Support of Spark Universal You can now run your Spark Jobs using Spark Universal with Spark 2.4.x or Spark 3.0.x, either in Local or Yarn cluster mode.

Spark Universal is a mechanism that allows Talend Studio to be compatible with every big data distribution available for a given Spark version, using only a Hadoop configuration JAR file that contains all the necessary information to establish a connection to the cluster in Yarn cluster.

Spark Universal gives you more agility by enabling a switch between the different Spark modes, distributions or environments.

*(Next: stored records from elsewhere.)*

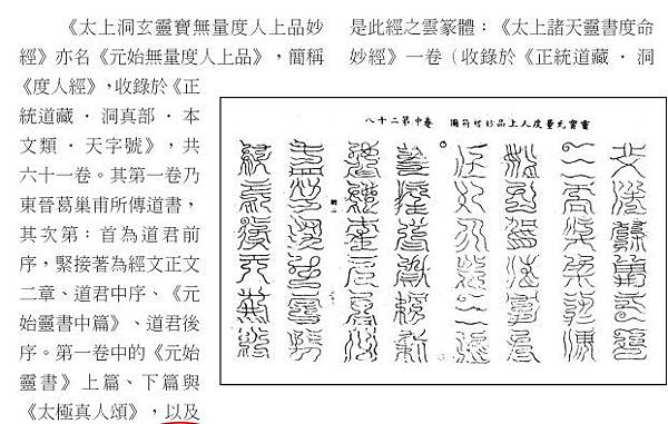 《度人經》為重要道教經典,全名《太上洞玄靈寶元始無量度人上品妙經》,又稱《元始無量度人上品妙經》(以下簡稱《度人經》),撰人不詳,收錄於《正統道藏》,為《正統道藏》中所收錄首部經典,此經共61卷。自陳國符(1914-2000)的研究以來,已知其第1卷為公元4世紀末出現,由東晉葛巢甫所傳10部35卷靈寶經之一,屬最初古靈寶經的一部分。《度人經》第1卷在陸修靜(406-477)所整理《靈寶經目》中屬第15號作品,成書年代為437年前已經出世的早期靈寶經。在此經中說明,《度人經》為太上大道君傳授於元始天尊,傳教於世。《度人經》很早便取得在靈寶經中的突出地位。在5世紀末即有注疏的出現,至唐代所有的注疏者都只致力於1卷本的《度人經》的解釋,並且奠定了道藏第1號經典的地位。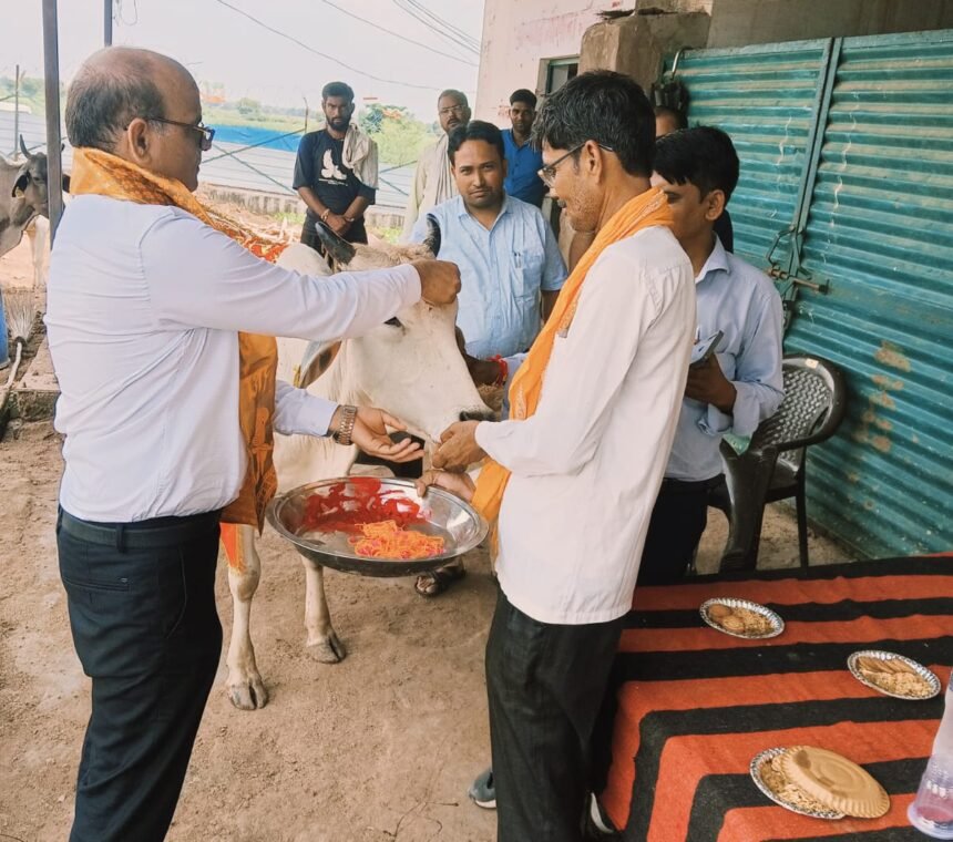 वही गायो का विधिवत पूजन कर गायो गुड़ केले खिलाये। निरीक्षण में मौजूद सचिव योगेंद्र परमार,प्रधान राजू पशुचिकित्सक इंद्रजीत सिंह गौपालक राजबहादुर सिंह परमार,राजू सिंह,भोलू आदि मौजूद रहे।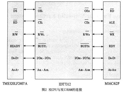由于系統(tǒng)采用雙CPU,為了實(shí)現(xiàn)兩個(gè)CPU之間大量數(shù)據(jù)的快速交換,本裝置采用雙口RAM來實(shí)現(xiàn)兩CPU之間快速的數(shù)據(jù)交換。

You can configure your Spark Universal connection either in the Spark configuration view of your Job or in the Hadoop Cluster Connection metadata wizard from the Repository tree view:

Talend Big Data

Talend Big Data Platform

Talend Real-Time Big Data Platform

Support of Kubernetes with Spark Universal 3.1.x You can now run your Spark Jobs using Spark Universal with Spark 3.1.x in Kubernetes mode.
You can configure your Spark Universal connection with Kubernetes either in the Spark configuration view of your Job or in the Hadoop Cluster Connection metadata wizard from the Repository tree view:

Talend Big Data

Talend Big Data Platform

Talend Real-Time Big Data Platform

Support of Dynamic Schema in Spark Batch components You can now use the Dynamic Schema in your Spark Jobs with the following components:
  • tDeltaLakeInput
  • tDeltaLakeOutput
  • tFileInputParquet
  • tFileOutputParquet
  • tJDBCInput
  • tJDBCOutput
  • tLogRow
  • tSqlRow

Talend Big Data

Talend Big Data Platform

Talend Real-Time Big Data Platform

Support of new distributions

Delivered in 7.3 monthly releases

You can use the following distributions for your Spark Jobs:
  • Microsoft HD Insight 4.0 with Spark 2.4 (delivered in 7.3 R2020-06 monthly release)
  • CDP Private Cloud Base 7.1 with Spark 2.4 (delivered in 7.3 R2020-06 monthly release)
  • Databricks 7.3 LTS with Spark 3.0 (delivered in 7.3 R2021-02 monthly release)
  • CDP Public Cloud Data Hub (delivered in 7.3 R2021-03 monthly release)
  • AWS EMR 6.2 with Spark 3.0 (delivered in 7.3 R2021-05 monthly release)
  • Azure Synapse with Spark 3.0 (delivered in 7.3 R2021-08 monthly release)

Talend Big Data

Talend Big Data Platform

Talend Real-Time Big Data Platform

Support of Spark 3.0 in local mode for Spark Jobs

Delivered in 7.3 R2021-02 monthly release

Talend now supports Spark 3.0 in local mode when running Spark Jobs in Talend Studio.
Note: The following elements do not support Spark 3.0 in local mode:
  • ADLS Gen2
  • tCassandraInput and tCassandraOutput
  • tElasticSearchInput and tElasticSearchOutput

Talend Big Data

Talend Big Data Platform

Talend Real-Time Big Data Platform

Support of Knox for CDP Public Cloud Data Hub on AWS

Delivered in 7.3 R2021-06 monthly release

When you use a CDP Public Cloud Data Hub instance on AWS with CDP 7.1 and onwards in YARN cluster and HDFS modes, you can now authenticate using Knox either in the Spark configuration view of your Spark Jobs or in the Hadoop Cluster Connection metadata wizard from the Repository tree view. Knox allows you to provide a single point of authentication only using SSO.

Talend Big Data

Talend Big Data Platform

Talend Real-Time Big Data Platform

Support of Hive Warehouse Connector with Cloudera CDP 7.1.x

Delivered in 7.3 R2021-10 monthly release

You can now use the Hive Warehouse Connector to get data from and write data to Hive transactional managed tables in Spark Batch Jobs with the following new components:

  • tHiveWarehouseConfiguration: enables the reuse of the Hive Warehouse Connector connection configuration to Hive in the same Job.
  • tHiveWarehouseInput: extracts data from Hive and sends the data to the component that follows using Hive Warehouse Connector.
  • tHiveWarehouseOutput: connects to a given Hive database and writes the received data into a given Hive table or a directory in HDFS using Hive Warehouse Connector.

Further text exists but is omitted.